There’s nothing in its appearance to distinguish it from a malignant tumor.

The cause of nodular fasciitis isn’t known. It’s thought that the tumors might occur after an injury to the area or an infection.

Nodular fasciitis can occur anywhere in the body, including the mouth. The most frequent sites, according to a 1984 review of 250 cases, are:

  • forearm (27 percent)
  • thigh (17 percent)
  • upper arm (12 percent)

A 2017 study presented similar figures:

  • arms (34 percent)
  • head and neck region (24 percent)
  • trunk (21 percent)
  • legs (14 percent)

Diagnosis of nodular fasciitis is a challenge because it’s similar to some malignant tumors. It’s also very rare. It represents only 0.025 percent of all tumor cases.

Nodular fasciitis can resemble:

  • spindle cell sarcoma
  • fibromatosis
  • fibrous histiocytoma
  • benign nerve sheath tumors
  • pleomorphic adenoma

Imaging by sonogram, MRI scan, or CT scan can help characterize features of nodular fasciitis. FNAC followed by an analysis of tissue histology can help make a definitive diagnosis. Sometimes the diagnosis isn’t confirmed until the tumor is surgically removed.

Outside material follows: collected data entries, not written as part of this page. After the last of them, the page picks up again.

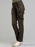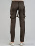 Повседневные брюки слегка зауженного кроя. Отрезной пояс со шлевками, застегиваются на молнию, по бокам накладные кармана на молнии, в комплекте съемные подтяжки.
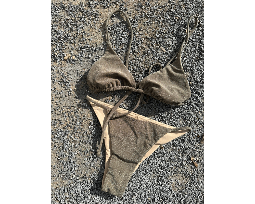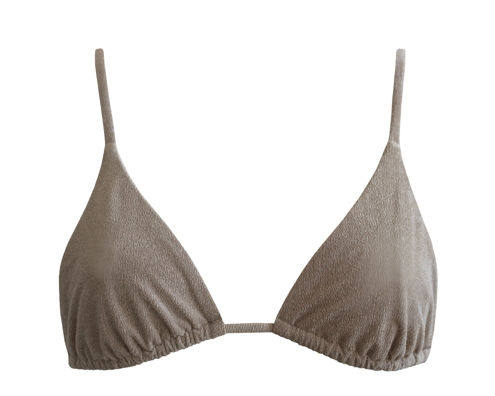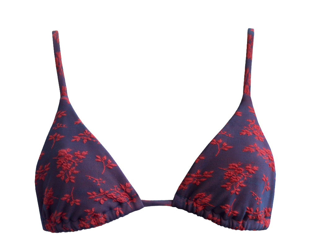 A triangle bikini top with minimum coverage, Olbia is designed with sensually drop-shaped cups and adjustable back and shoulder straps for a perfect fit.
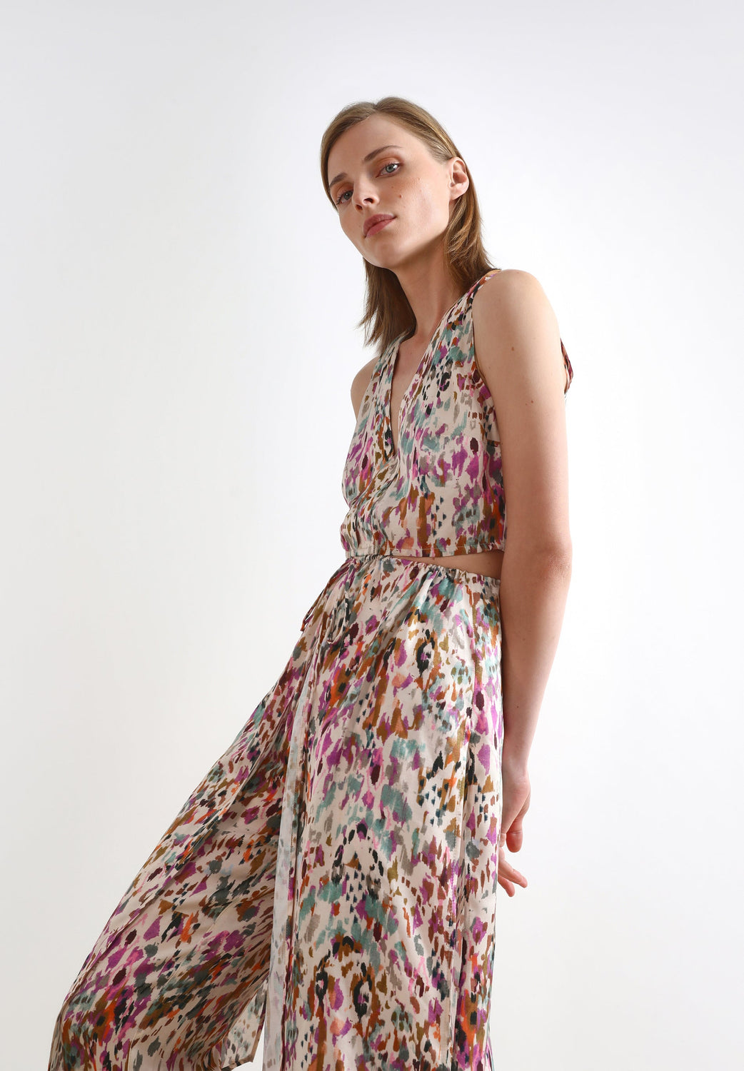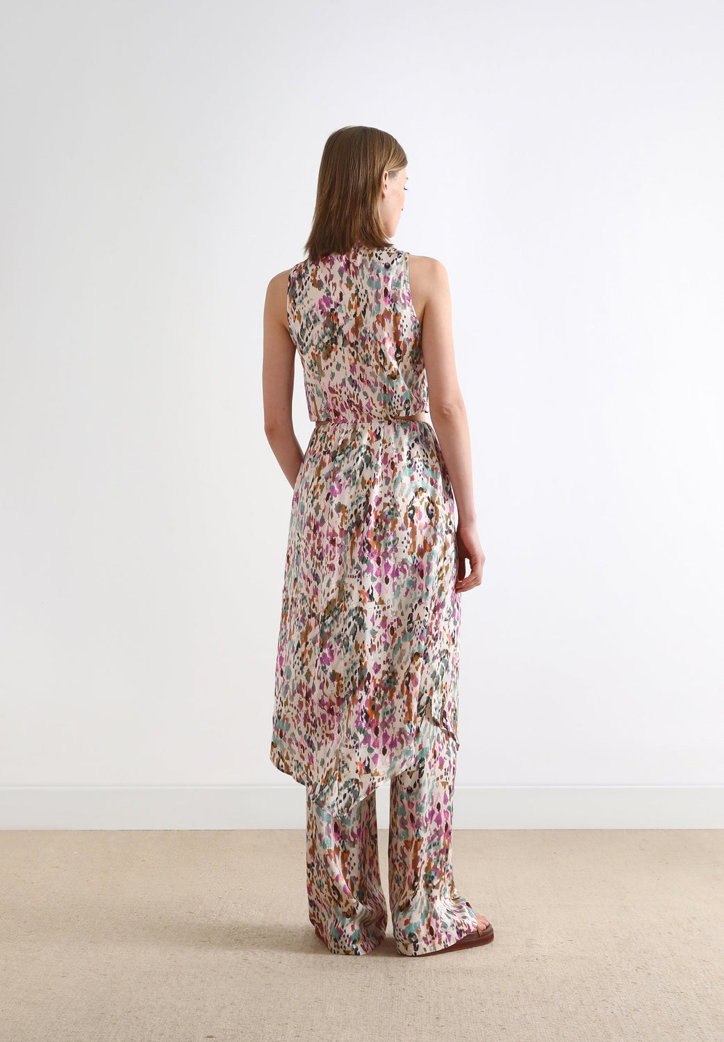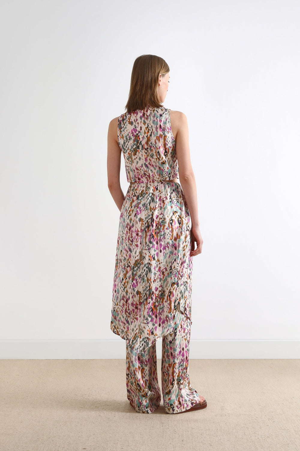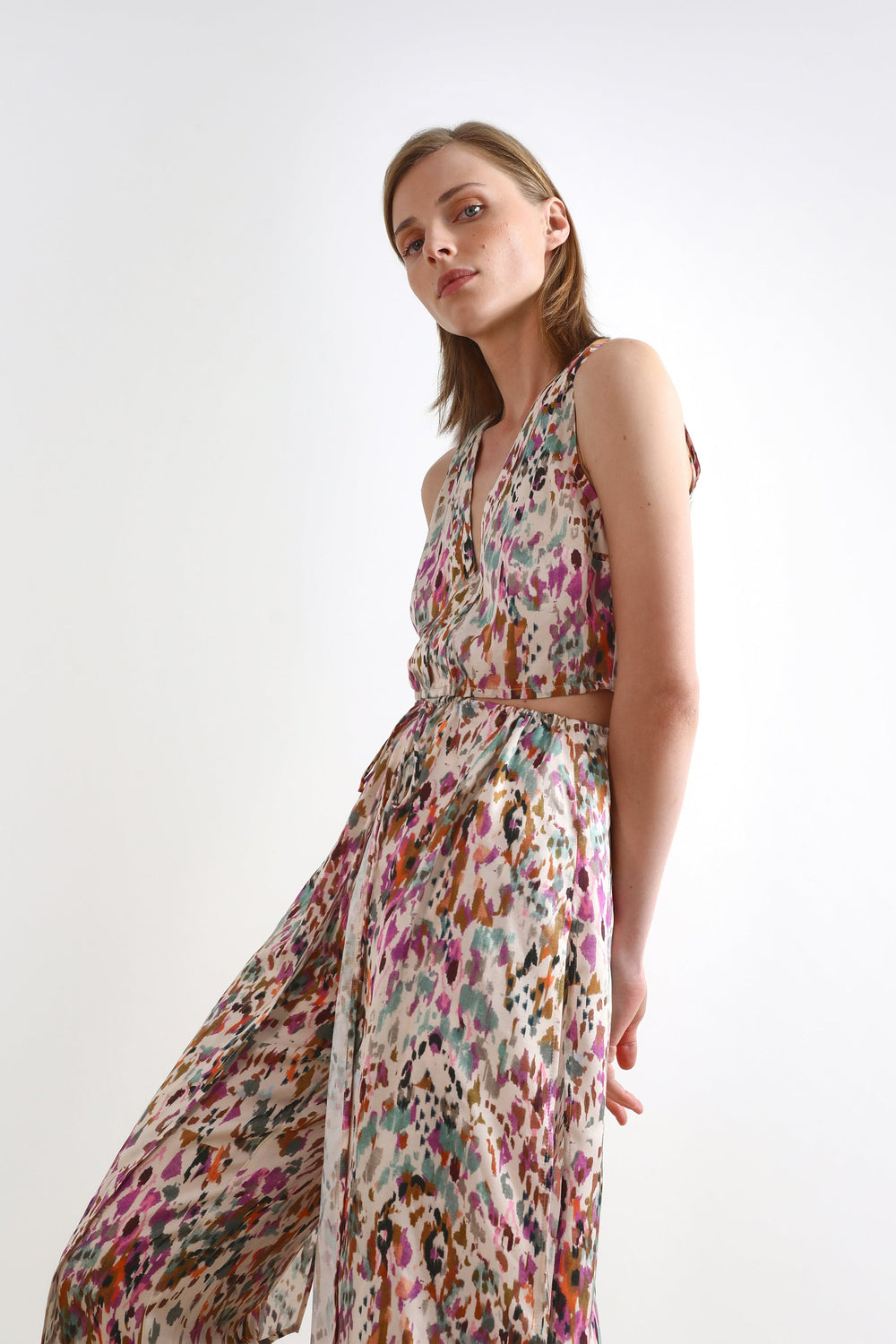 Top comprido com padrão multicolor.

Nodular fasciitis is a harmless tumor with an excellent outlook. Sometimes it resolves without any treatment.

The tumor resolves with surgery, including partial surgery.

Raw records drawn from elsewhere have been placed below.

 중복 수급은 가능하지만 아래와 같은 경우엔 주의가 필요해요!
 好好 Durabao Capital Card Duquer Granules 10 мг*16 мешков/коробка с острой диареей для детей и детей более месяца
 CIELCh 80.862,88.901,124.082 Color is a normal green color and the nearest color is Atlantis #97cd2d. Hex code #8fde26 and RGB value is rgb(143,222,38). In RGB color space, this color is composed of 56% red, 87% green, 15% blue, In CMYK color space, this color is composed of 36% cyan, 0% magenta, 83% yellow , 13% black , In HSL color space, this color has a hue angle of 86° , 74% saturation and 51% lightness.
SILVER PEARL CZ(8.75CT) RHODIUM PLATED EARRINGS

Some tumors may be treated with corticosteroids. Steroid injection is a successful method if the tumor is on the face and aesthetics are involved.

If you have any symptoms of this type of tumor, it’s important that you talk to a doctor right away. Although such tumors are harmless, they share many characteristics with cancerous tumors, so it’s important to get a diagnosis.